DATASET RECORDS ::

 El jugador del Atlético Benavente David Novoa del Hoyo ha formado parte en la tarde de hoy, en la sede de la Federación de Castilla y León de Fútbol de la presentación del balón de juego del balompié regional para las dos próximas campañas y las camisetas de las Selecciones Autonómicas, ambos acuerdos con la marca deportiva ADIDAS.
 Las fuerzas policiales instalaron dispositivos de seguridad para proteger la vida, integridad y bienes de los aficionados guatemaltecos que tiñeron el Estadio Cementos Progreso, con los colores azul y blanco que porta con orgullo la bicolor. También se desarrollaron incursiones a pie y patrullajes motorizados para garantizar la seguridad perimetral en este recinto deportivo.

--

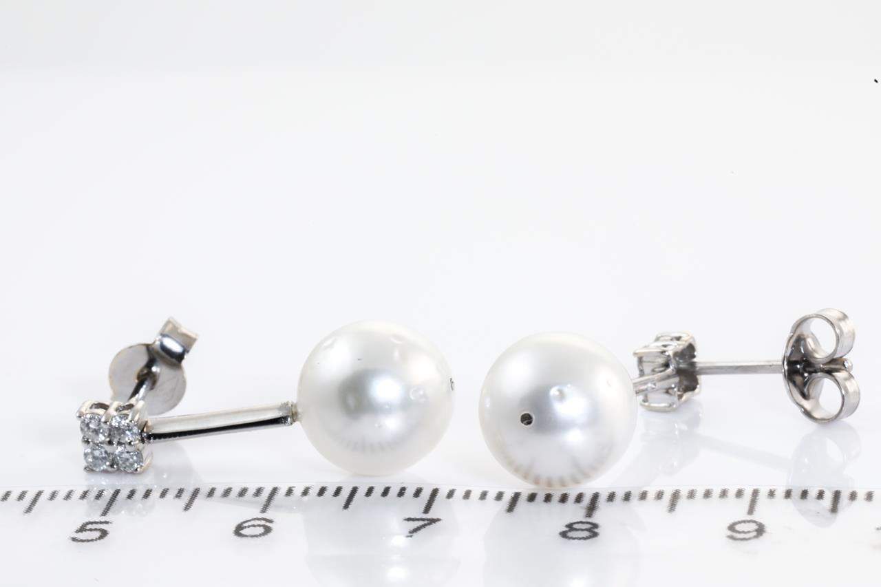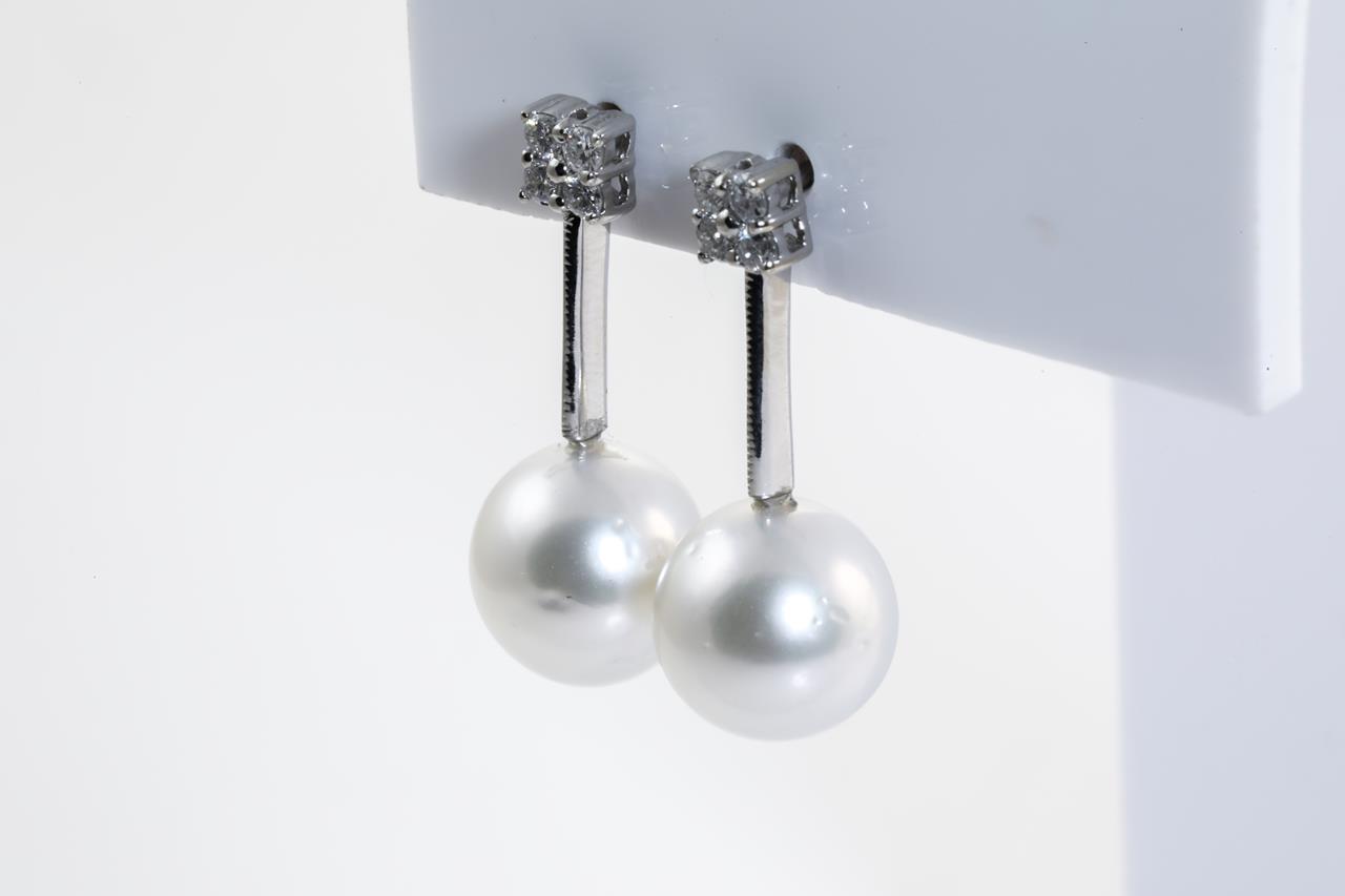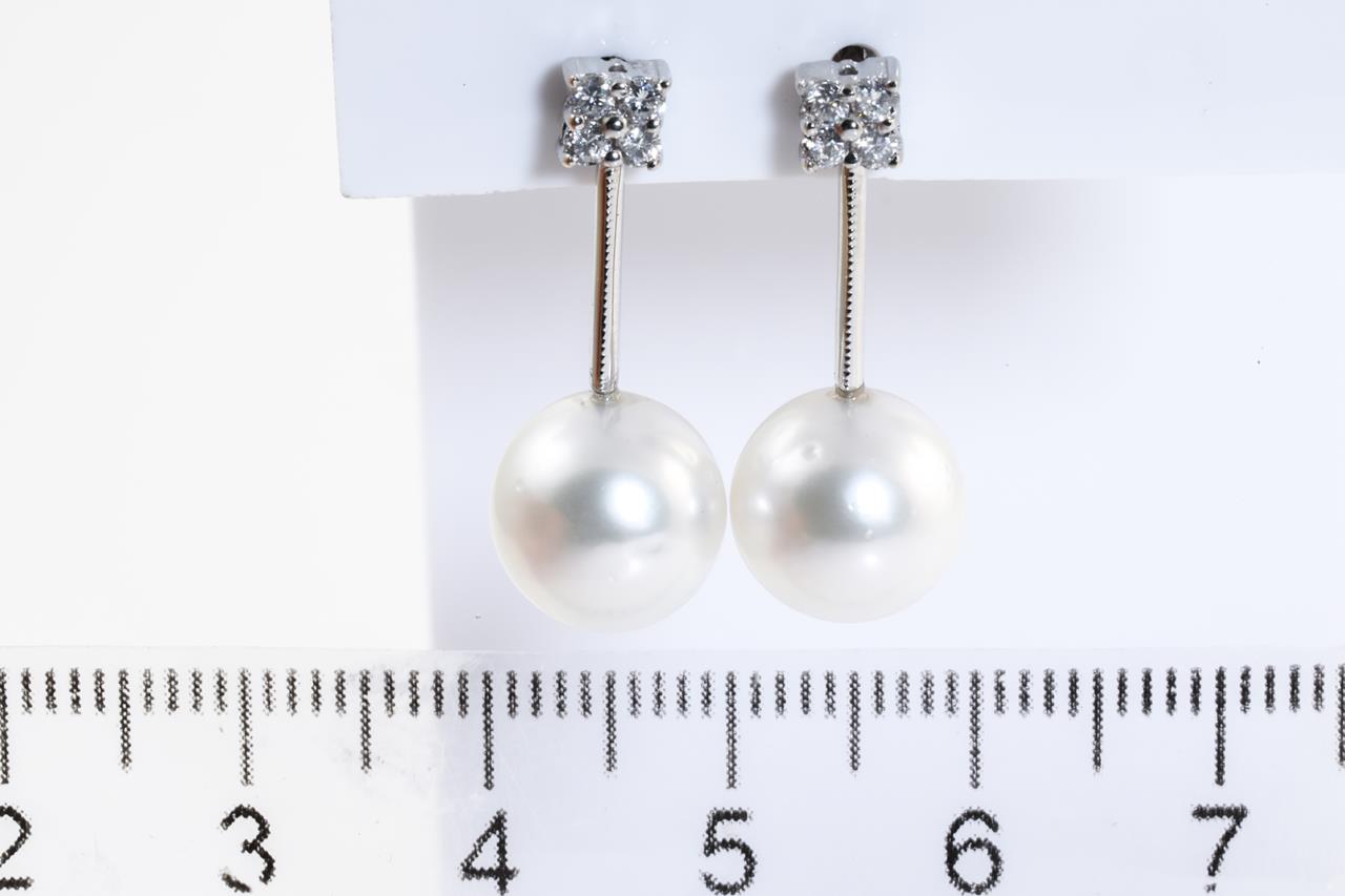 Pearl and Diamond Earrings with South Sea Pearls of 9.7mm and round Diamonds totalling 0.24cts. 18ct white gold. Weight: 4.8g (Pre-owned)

TASK REQUIREMENTS ::
From the entries above, restate word for word the lines from the line containing "El jugador del" to the line containing "Las fuerzas policiales", both ends included, and nothing more.

FINAL ANSWER ::
 El jugador del Atlético Benavente David Novoa del Hoyo ha formado parte en la tarde de hoy, en la sede de la Federación de Castilla y León de Fútbol de la presentación del balón de juego del balompié regional para las dos próximas campañas y las camisetas de las Selecciones Autonómicas, ambos acuerdos con la marca deportiva ADIDAS.
 Las fuerzas policiales instalaron dispositivos de seguridad para proteger la vida, integridad y bienes de los aficionados guatemaltecos que tiñeron el Estadio Cementos Progreso, con los colores azul y blanco que porta con orgullo la bicolor. También se desarrollaron incursiones a pie y patrullajes motorizados para garantizar la seguridad perimetral en este recinto deportivo.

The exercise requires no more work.